Data supplied:
◇ ◇ ◇ ◇

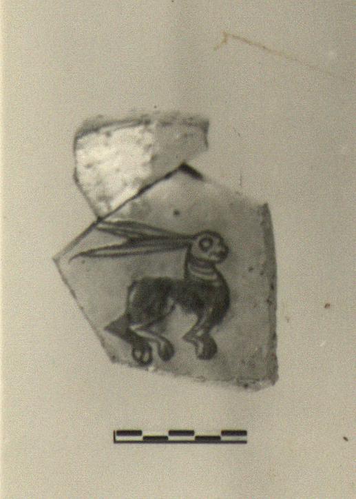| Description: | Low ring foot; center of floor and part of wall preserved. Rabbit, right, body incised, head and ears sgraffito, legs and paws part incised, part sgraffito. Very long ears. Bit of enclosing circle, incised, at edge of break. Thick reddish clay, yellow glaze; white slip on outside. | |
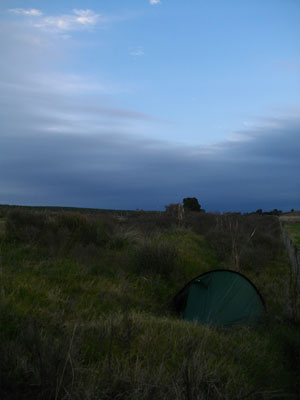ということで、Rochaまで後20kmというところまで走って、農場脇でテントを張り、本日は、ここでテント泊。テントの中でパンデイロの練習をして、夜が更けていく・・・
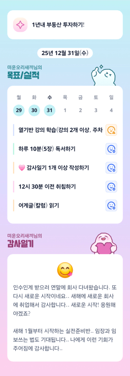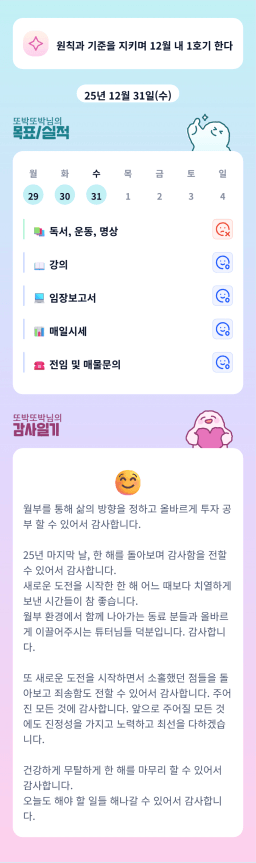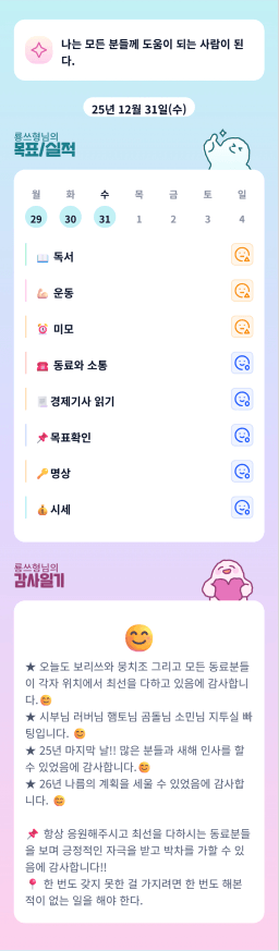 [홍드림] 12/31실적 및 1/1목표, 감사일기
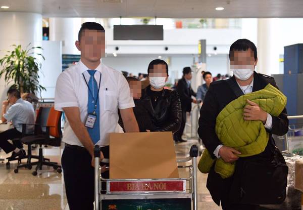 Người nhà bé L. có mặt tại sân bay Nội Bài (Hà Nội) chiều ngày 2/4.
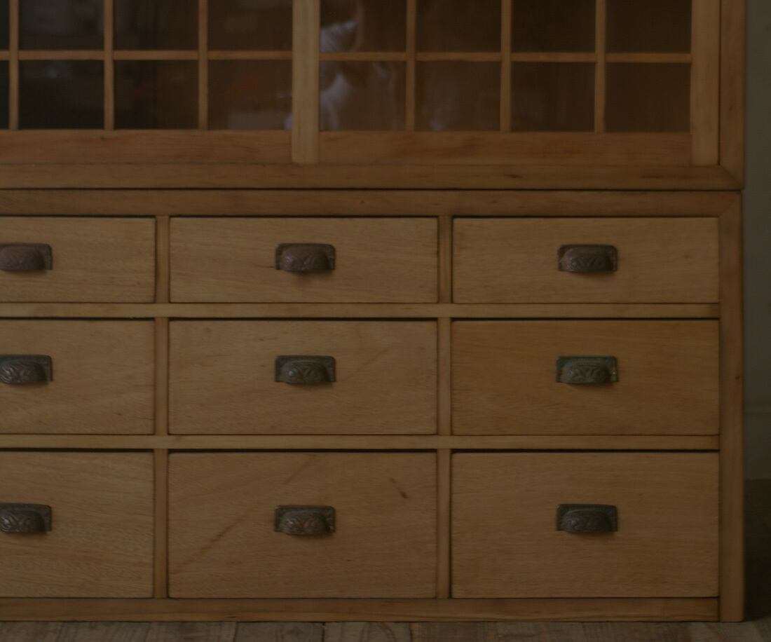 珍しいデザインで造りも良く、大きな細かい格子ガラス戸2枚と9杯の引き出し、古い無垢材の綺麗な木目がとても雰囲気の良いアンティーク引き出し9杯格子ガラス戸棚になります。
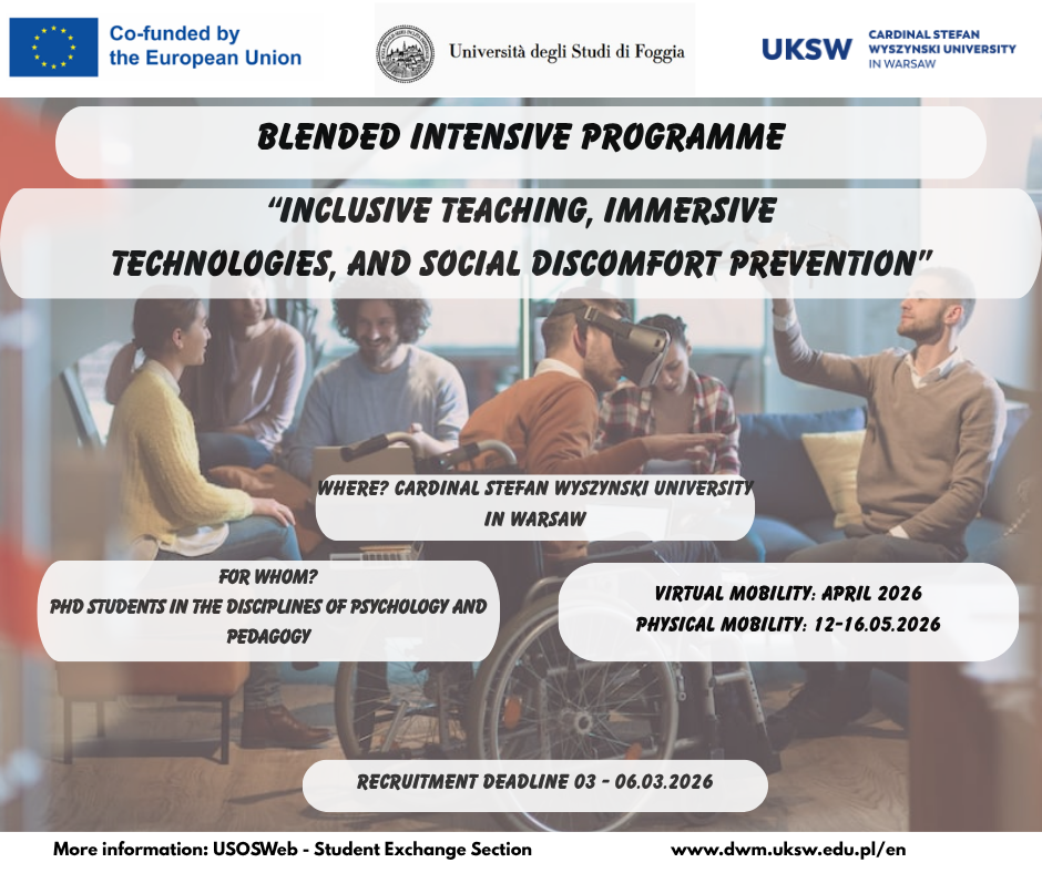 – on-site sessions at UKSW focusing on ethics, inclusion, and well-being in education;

◇ ◇ ◇ ◇

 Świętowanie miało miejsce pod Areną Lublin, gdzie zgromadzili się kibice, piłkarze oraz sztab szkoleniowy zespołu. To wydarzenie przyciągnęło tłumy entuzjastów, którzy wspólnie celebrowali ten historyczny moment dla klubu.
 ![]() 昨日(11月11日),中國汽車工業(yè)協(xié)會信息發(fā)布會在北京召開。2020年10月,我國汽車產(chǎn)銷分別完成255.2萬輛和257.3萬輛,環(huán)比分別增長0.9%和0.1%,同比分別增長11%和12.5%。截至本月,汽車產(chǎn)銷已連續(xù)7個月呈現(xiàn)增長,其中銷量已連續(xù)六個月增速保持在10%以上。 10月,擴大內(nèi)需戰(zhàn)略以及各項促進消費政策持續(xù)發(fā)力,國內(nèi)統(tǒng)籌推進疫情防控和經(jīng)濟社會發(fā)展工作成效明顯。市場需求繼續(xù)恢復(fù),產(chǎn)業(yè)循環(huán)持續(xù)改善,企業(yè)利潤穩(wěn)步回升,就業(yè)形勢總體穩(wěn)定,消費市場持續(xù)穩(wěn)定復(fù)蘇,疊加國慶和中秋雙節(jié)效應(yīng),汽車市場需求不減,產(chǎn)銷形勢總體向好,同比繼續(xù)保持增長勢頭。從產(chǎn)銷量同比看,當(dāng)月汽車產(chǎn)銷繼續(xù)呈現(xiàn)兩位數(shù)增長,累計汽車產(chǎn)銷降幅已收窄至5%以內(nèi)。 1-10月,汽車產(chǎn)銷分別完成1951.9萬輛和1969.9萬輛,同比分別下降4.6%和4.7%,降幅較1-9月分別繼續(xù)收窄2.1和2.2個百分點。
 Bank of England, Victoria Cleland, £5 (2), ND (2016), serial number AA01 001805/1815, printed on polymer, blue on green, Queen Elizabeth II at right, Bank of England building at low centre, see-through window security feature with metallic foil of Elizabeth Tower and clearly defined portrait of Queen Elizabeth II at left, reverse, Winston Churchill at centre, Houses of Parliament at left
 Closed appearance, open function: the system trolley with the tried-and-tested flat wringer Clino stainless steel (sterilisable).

◇ ◇ ◇ ◇

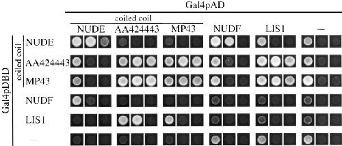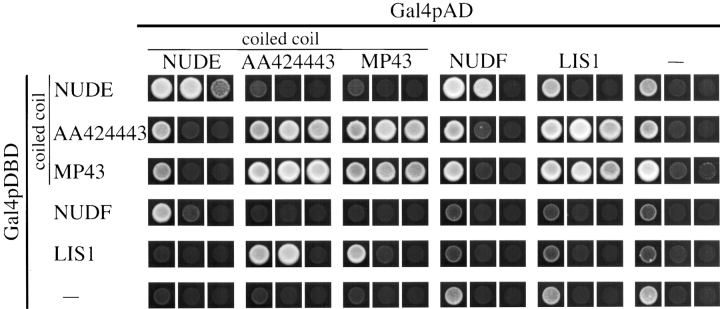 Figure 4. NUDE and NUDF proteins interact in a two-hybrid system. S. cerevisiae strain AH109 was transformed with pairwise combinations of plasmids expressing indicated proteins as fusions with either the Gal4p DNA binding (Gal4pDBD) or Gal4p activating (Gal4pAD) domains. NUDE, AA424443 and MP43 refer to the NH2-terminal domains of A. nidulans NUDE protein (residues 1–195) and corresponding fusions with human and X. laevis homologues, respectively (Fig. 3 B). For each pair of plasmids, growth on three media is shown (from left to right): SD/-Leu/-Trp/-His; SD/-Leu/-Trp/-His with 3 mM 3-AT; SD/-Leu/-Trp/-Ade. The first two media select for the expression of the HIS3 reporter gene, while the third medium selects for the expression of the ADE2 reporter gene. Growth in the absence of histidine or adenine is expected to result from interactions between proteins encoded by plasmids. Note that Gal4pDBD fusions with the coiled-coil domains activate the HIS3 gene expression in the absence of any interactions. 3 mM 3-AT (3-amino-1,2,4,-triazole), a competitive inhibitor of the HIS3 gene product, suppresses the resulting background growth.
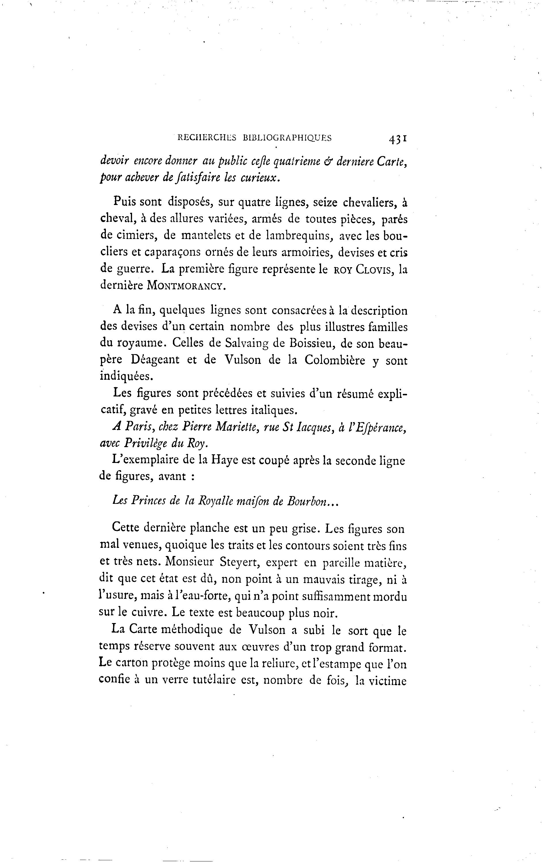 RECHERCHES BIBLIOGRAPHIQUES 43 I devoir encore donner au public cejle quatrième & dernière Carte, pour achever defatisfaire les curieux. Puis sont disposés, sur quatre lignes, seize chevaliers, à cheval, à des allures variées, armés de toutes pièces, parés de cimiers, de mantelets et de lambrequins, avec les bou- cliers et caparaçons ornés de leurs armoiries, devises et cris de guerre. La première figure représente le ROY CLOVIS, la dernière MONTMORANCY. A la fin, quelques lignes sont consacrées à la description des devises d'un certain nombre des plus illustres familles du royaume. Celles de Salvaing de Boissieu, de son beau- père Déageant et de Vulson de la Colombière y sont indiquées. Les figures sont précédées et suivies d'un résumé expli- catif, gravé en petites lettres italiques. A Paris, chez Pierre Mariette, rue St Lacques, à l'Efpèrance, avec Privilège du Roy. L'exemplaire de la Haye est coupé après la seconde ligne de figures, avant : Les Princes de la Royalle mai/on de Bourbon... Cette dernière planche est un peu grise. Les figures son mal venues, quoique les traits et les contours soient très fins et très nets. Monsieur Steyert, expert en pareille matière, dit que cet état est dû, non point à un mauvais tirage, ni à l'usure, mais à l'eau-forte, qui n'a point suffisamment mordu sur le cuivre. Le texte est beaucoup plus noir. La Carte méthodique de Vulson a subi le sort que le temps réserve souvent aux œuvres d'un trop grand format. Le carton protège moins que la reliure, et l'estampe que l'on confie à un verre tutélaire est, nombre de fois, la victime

◇ ◇ ◇ ◇

Your objective: Give back exactly the lines above that run from the one with "[홍드림] 12/31실적 및 1/1목표, 감사일기" to the one with "well-being in education;", including both, with the pictures left out.

Answer box:
 [홍드림] 12/31실적 및 1/1목표, 감사일기
 Người nhà bé L. có mặt tại sân bay Nội Bài (Hà Nội) chiều ngày 2/4.
 珍しいデザインで造りも良く、大きな細かい格子ガラス戸2枚と9杯の引き出し、古い無垢材の綺麗な木目がとても雰囲気の良いアンティーク引き出し9杯格子ガラス戸棚になります。
 – on-site sessions at UKSW focusing on ethics, inclusion, and well-being in education;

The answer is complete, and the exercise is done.